[Extracted records]
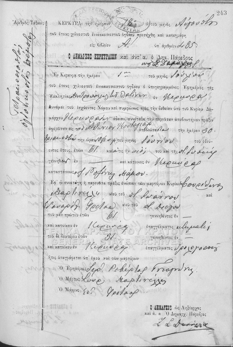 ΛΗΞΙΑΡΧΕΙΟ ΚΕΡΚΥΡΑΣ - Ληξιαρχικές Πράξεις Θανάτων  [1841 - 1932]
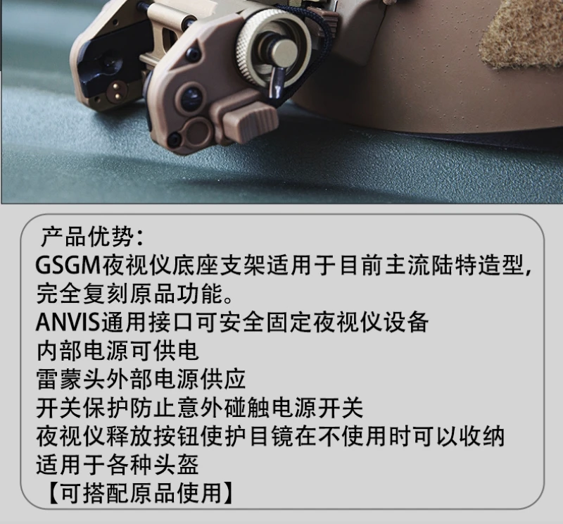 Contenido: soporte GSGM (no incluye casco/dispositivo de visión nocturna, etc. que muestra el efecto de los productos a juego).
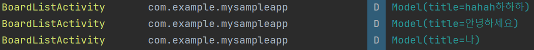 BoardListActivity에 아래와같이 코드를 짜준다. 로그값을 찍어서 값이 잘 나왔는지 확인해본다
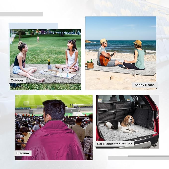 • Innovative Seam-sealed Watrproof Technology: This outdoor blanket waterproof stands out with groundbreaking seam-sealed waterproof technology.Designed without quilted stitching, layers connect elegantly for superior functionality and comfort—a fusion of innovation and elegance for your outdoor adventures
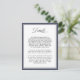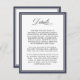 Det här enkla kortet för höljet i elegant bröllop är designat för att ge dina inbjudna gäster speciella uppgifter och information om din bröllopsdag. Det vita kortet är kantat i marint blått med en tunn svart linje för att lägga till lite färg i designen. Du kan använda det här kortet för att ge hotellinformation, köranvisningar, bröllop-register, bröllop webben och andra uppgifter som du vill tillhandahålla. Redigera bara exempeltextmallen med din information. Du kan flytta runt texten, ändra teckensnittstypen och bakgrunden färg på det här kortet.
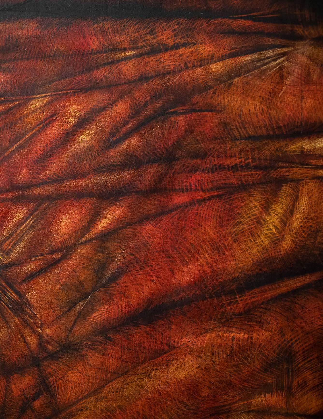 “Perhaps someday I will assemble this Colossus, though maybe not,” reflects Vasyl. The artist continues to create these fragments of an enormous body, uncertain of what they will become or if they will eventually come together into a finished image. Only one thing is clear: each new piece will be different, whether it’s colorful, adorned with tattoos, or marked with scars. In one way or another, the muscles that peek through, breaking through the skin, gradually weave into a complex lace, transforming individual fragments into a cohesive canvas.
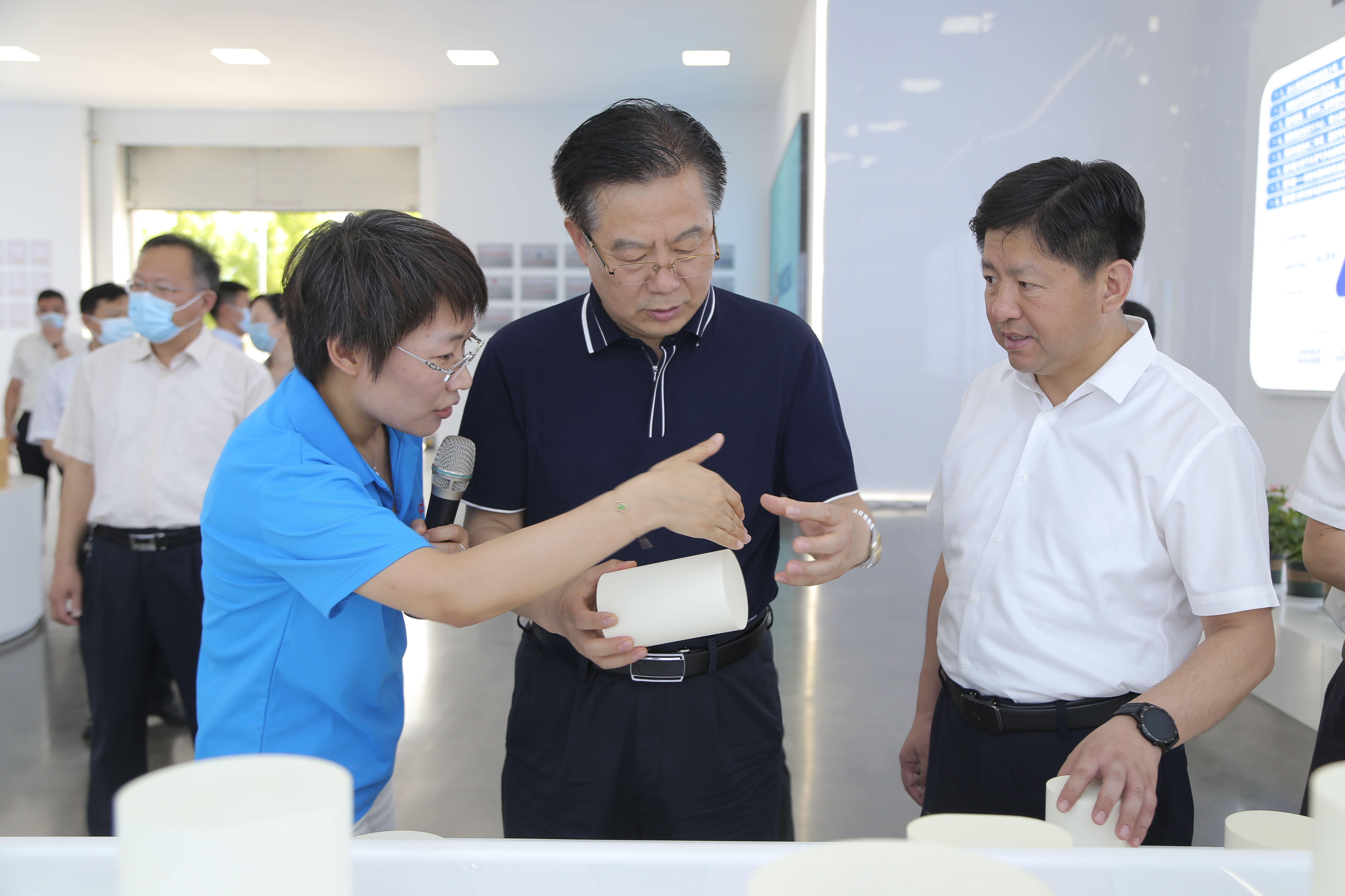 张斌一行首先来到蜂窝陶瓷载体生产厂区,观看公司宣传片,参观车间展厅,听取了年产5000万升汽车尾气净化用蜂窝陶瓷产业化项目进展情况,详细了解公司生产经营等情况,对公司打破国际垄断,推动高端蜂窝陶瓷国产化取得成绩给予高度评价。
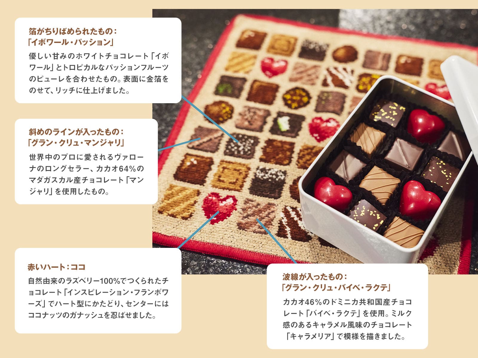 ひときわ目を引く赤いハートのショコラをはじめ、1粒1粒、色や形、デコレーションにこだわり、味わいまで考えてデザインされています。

**What the task requires:**
Begin at the first line of the data above and repeat each line exactly, stopping after the line containing "BoardListActivity에 아래와같이 코드를". Omit the pictures.

**Solution for this task:**
 ΛΗΞΙΑΡΧΕΙΟ ΚΕΡΚΥΡΑΣ - Ληξιαρχικές Πράξεις Θανάτων  [1841 - 1932]
 Contenido: soporte GSGM (no incluye casco/dispositivo de visión nocturna, etc. que muestra el efecto de los productos a juego).
 BoardListActivity에 아래와같이 코드를 짜준다. 로그값을 찍어서 값이 잘 나왔는지 확인해본다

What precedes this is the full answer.